Source data:
================================
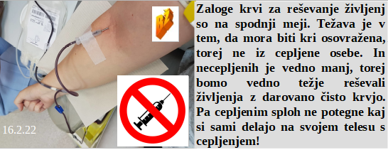 Dovolj dobro nategniti vojske da uskladiš čas svojega dopusta. Danes zdravstveno osebje stavka, le doktorjev ne bo, ker si nočejo uničiti sanjske plače za nič dela! Ker darovana kri za reševanje življenj ni zaželjena iz cepljenih je jasno, da jo močno primanjkuje. Tudi otrok ne rabimo več, zato jih cepimo, kakor smo umaknili socializem, da ni več uničeval bogatih.
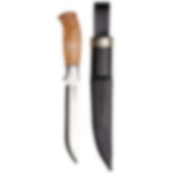 Brusletto Storbukken is a large and great all-round knife with a heaviness and size that makes the knife a good all-rounder. It has a wide straight-cut blade with good weight and length. It has a holk in solid cast aluminum and a black oxhide sheath with safety inserts. The blade is made of stainless steel and the shaft is made of great curly birch. Take good care of your knife and wipe it clean after use before putting it back in the sheath. You will then have a great use knife for a very long time.
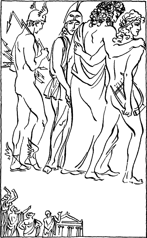Но самым несчастным среди богов чувствует себя Гермес, который буквально разрывается на части, чтобы выполнять свои весьма разнообразные обязанности: «Лишь только встану поутру, сейчас надо идти выметать столовую. Едва успею привести в порядок места для возлежания… нужно являться к Зевсу и разносить по земле его приказания, бегая без устали туда и обратно; только это кончится, я, весь еще в пыли, уже должен подавать на стол амброзию… И ужаснее всего то, что я, единственный из всех богов, по ночам не сплю, а должен водить к Плутону умерших, должен быть проводником покойников и присутствовать на подземном суде».
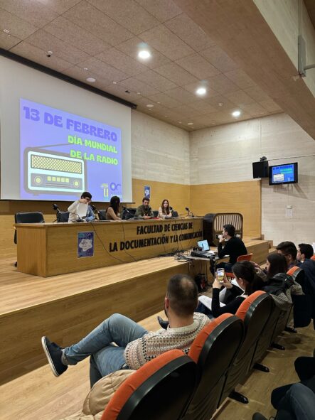 13/02/2025. La radio de la Universidad de Extremadura, OndaCampus, ha realizado hoy un programa de radio en directo para conmemorar el Día Mundial de la Radio. El espacio radiofónico ha estado coordinado por el equipo de la radio universitaria y realizado por alumnos de los grados de Comunicación Audiovisual y Periodismo desde el salón de actos de la facultad de Ciencias de la Documentación y la Comunicación de la UEx.
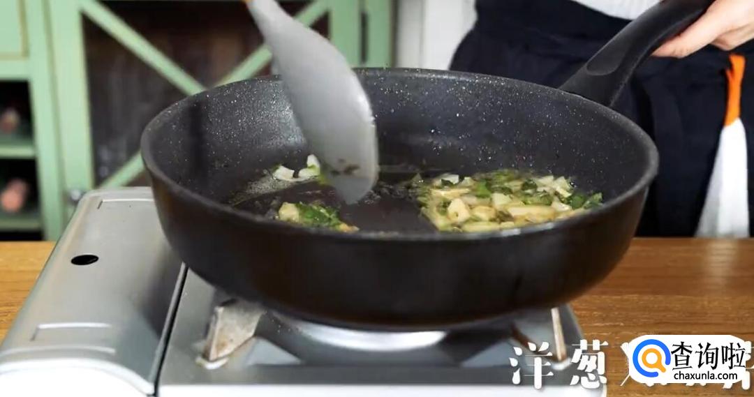 锅内加入黄油,黄油融化后,加入洋葱和欧芹翻炒,直至翻炒出香味。
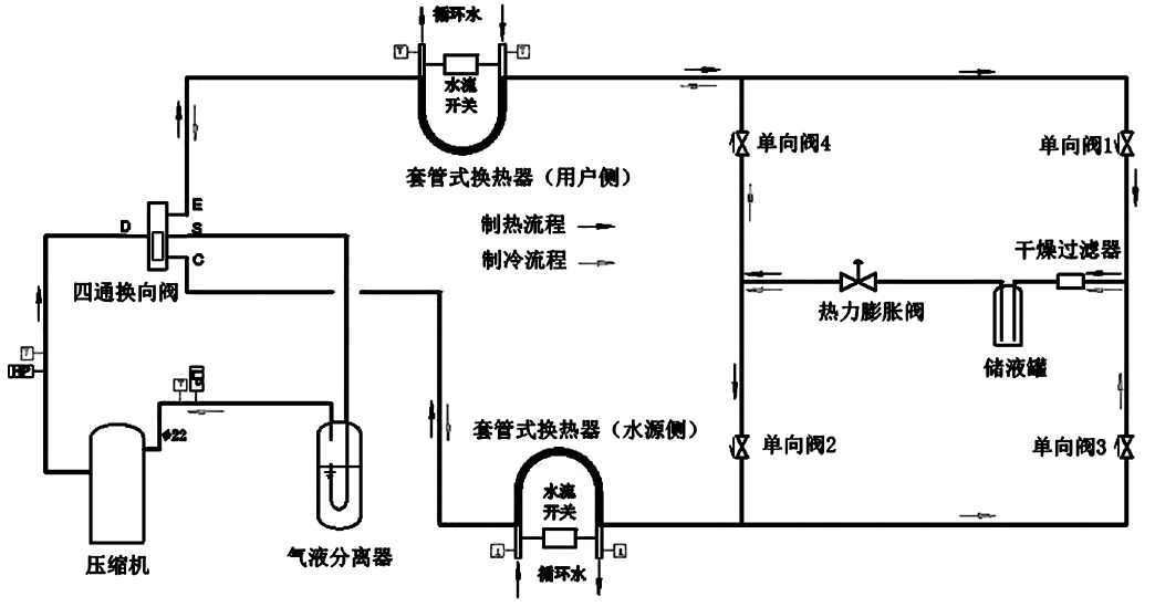本實(shí)驗(yàn)平臺(tái)水源熱泵制冷循環(huán)系統(tǒng)圖如圖1所示,由壓縮機(jī)、水源側(cè)套管換熱器、用戶側(cè)套管換熱器、熱力膨脹閥、氣液分離器、四通換向閥、干燥過(guò)濾器、儲(chǔ)液罐、單向閥等通過(guò)銅管連接組成。壓縮機(jī)起著壓縮和輸送循環(huán)工質(zhì)從低溫低壓到高溫高壓處的作用。蒸發(fā)器與冷凝器采用的是換熱效率較高的套管式換熱器,使制冷劑與水進(jìn)行高效換熱,制熱時(shí)水源側(cè)套管換熱器為蒸發(fā)器,用戶側(cè)套管換熱器為冷凝器,制冷時(shí)則相反。
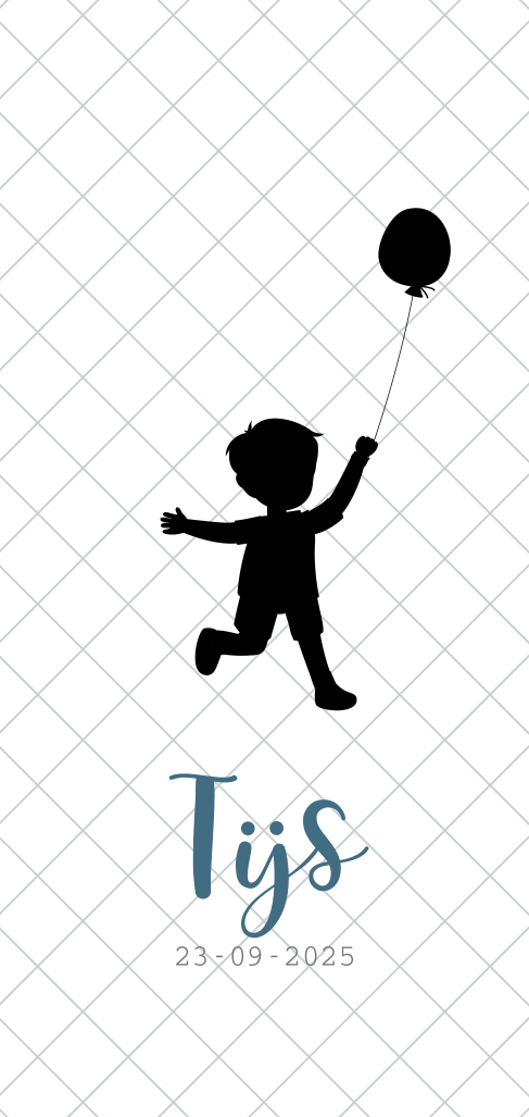 Origineel en trendy geboortekaartje met achtergrond van ruitjes en een zwart silhouet van een jongen met ballon.
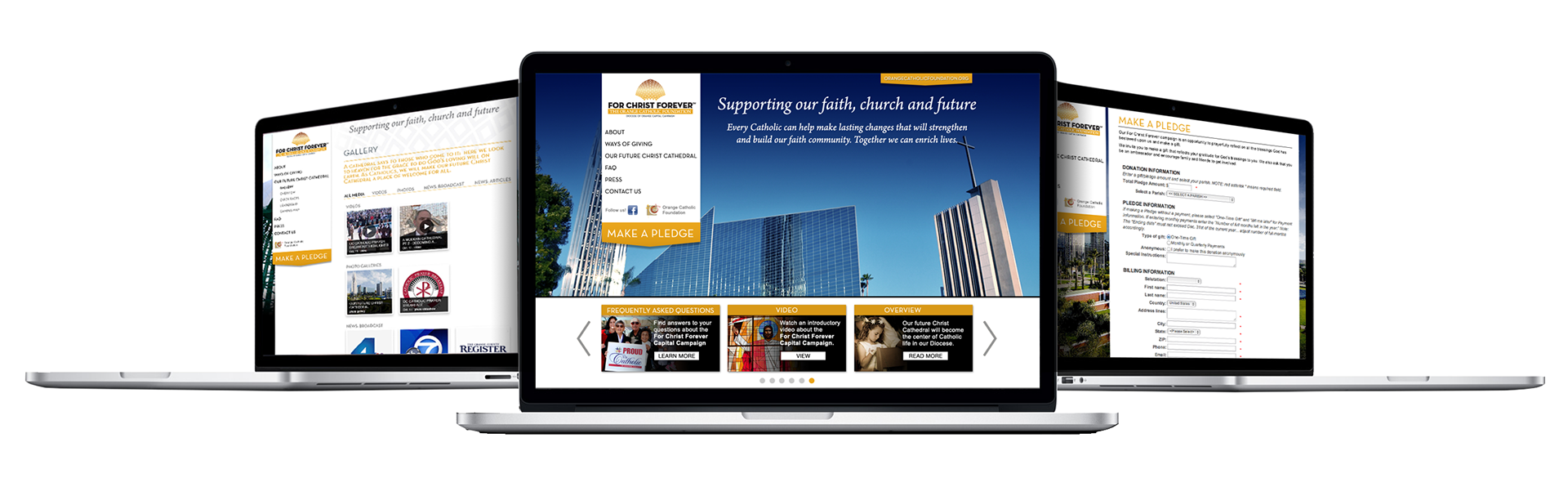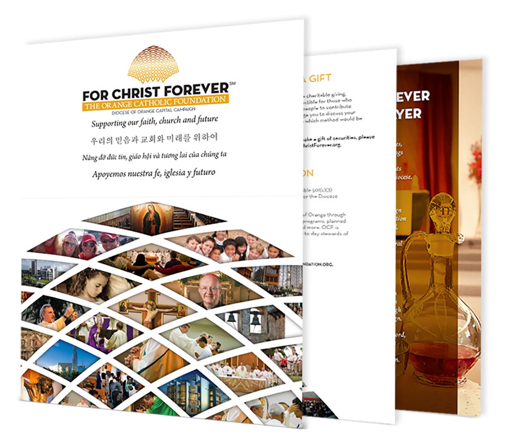 In 2012, the Orange Catholic Foundation embarked on a $100 million capital campaign to support the Future Christ Cathedral (formerly the Crystal Cathedral), local parish support, catholic education, priests’ retirement and diocesan ministries. We developed comprehensive brand and marketing materials, including logo, messaging, brochures, videos, website, email templates, prayer and pledge cards, and more,all in English, Spanish and Vietnamese.
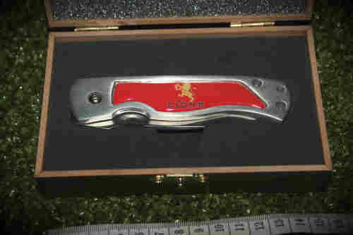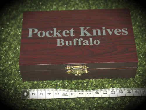 __A Buffalo Lions Supporter Pocket Knife in wooden Box CONDITION: SOLD as FOUND - -Please see ALL IMAGES below |
================================
Give back an exact repeat of the lines from the top of the data through the line that holds "本實(shí)驗(yàn)平", both included, and omit pictures.

 Dovolj dobro nategniti vojske da uskladiš čas svojega dopusta. Danes zdravstveno osebje stavka, le doktorjev ne bo, ker si nočejo uničiti sanjske plače za nič dela! Ker darovana kri za reševanje življenj ni zaželjena iz cepljenih je jasno, da jo močno primanjkuje. Tudi otrok ne rabimo več, zato jih cepimo, kakor smo umaknili socializem, da ni več uničeval bogatih.
 Brusletto Storbukken is a large and great all-round knife with a heaviness and size that makes the knife a good all-rounder. It has a wide straight-cut blade with good weight and length. It has a holk in solid cast aluminum and a black oxhide sheath with safety inserts. The blade is made of stainless steel and the shaft is made of great curly birch. Take good care of your knife and wipe it clean after use before putting it back in the sheath. You will then have a great use knife for a very long time.
Но самым несчастным среди богов чувствует себя Гермес, который буквально разрывается на части, чтобы выполнять свои весьма разнообразные обязанности: «Лишь только встану поутру, сейчас надо идти выметать столовую. Едва успею привести в порядок места для возлежания… нужно являться к Зевсу и разносить по земле его приказания, бегая без устали туда и обратно; только это кончится, я, весь еще в пыли, уже должен подавать на стол амброзию… И ужаснее всего то, что я, единственный из всех богов, по ночам не сплю, а должен водить к Плутону умерших, должен быть проводником покойников и присутствовать на подземном суде».
 13/02/2025. La radio de la Universidad de Extremadura, OndaCampus, ha realizado hoy un programa de radio en directo para conmemorar el Día Mundial de la Radio. El espacio radiofónico ha estado coordinado por el equipo de la radio universitaria y realizado por alumnos de los grados de Comunicación Audiovisual y Periodismo desde el salón de actos de la facultad de Ciencias de la Documentación y la Comunicación de la UEx.
 锅内加入黄油,黄油融化后,加入洋葱和欧芹翻炒,直至翻炒出香味。
本實(shí)驗(yàn)平臺(tái)水源熱泵制冷循環(huán)系統(tǒng)圖如圖1所示,由壓縮機(jī)、水源側(cè)套管換熱器、用戶側(cè)套管換熱器、熱力膨脹閥、氣液分離器、四通換向閥、干燥過(guò)濾器、儲(chǔ)液罐、單向閥等通過(guò)銅管連接組成。壓縮機(jī)起著壓縮和輸送循環(huán)工質(zhì)從低溫低壓到高溫高壓處的作用。蒸發(fā)器與冷凝器采用的是換熱效率較高的套管式換熱器,使制冷劑與水進(jìn)行高效換熱,制熱時(shí)水源側(cè)套管換熱器為蒸發(fā)器,用戶側(cè)套管換熱器為冷凝器,制冷時(shí)則相反。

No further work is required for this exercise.